The CPU 40 may comprise a microprocessor, programmable logic controller, general-purpose programmable computer, or other computational unit that is adapted to receive a signal in signal transmission line 44 from the monitoring unit 24, and to responsively output control signals for process control of the system 10. In the embodiment shown in FIG. 1, the CPU 40 is coupled via signal transmission line 38 to flow control valve 36 in the recirculation line 34, and the CPU is coupled via signal transmission line 42 to the valve actuator 18 for modulation of the valve in the valve head 16. By such arrangement, the CPU controls the recycle rate of precursor-enriched gas in line 34 to the tool 26, and controls the supply of cobalt precursor from the precursor source package 12 to the tool 26, to achieve optimal operation of the system 10, in the use of the cobalt precursor.

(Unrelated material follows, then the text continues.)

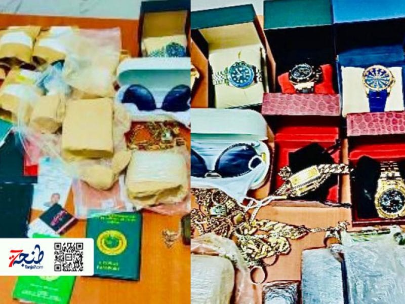 السلطات الأمنية حجزت أيضا كميات من مخدر الحشيش تقدر بكيلوغرام واحد و750 غرام والعديد من الساعات والمنقولات، وأكياس من مادة البيكاربونات، وسكينين، ومجموعة من الساعات اليدوية والمنقولات المشكوك فيها، والتي يجري تحديد مصدرها.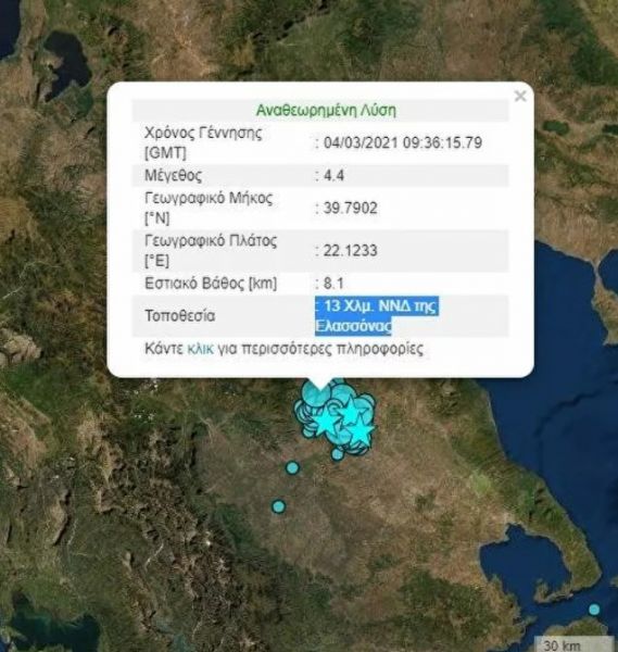 Νέος σεισμός τώρα στην Ελασσόνα

FIG. 2 is a schematic representation of a microelectronic device structure 50 comprising a cobalt barrier layer 56 deposited on a dielectric layer 54 on a substrate 52, wherein the cobalt barrier layer 56 has a copper layer 58 deposited thereon, e.g., by a copper damascene process. In such device structure, the cobalt barrier layer serves to minimize any undesired migration of copper from the copper layer 58 into the dielectric layer 54.

The cobalt layer 56 in such microelectronic device structure can be deposited by atomic layer deposition or other vapor deposition technique, at an appropriate thickness providing a suitable diffusional barrier against copper migration.

It will be recognized that the cobalt precursors of the invention can be variously employed in the manufacture of microelectronic devices of widely different types, and that the process conditions of temperature, pressure, flow rate and concentration of the cobalt precursor in such applications can be readily determined, within the skill of the art, based on the disclosure herein and empirical identification of suitable ranges and optimal values for such process conditions.

While the invention has been described herein with reference to various specific embodiments, it will be appreciated that the invention is not thus limited, and extends to and encompasses various other modifications and embodiments, as will be appreciated by those ordinarily skilled in the art. Accordingly, the invention is intended to be broadly construed and interpreted, in accordance with the ensuing claims.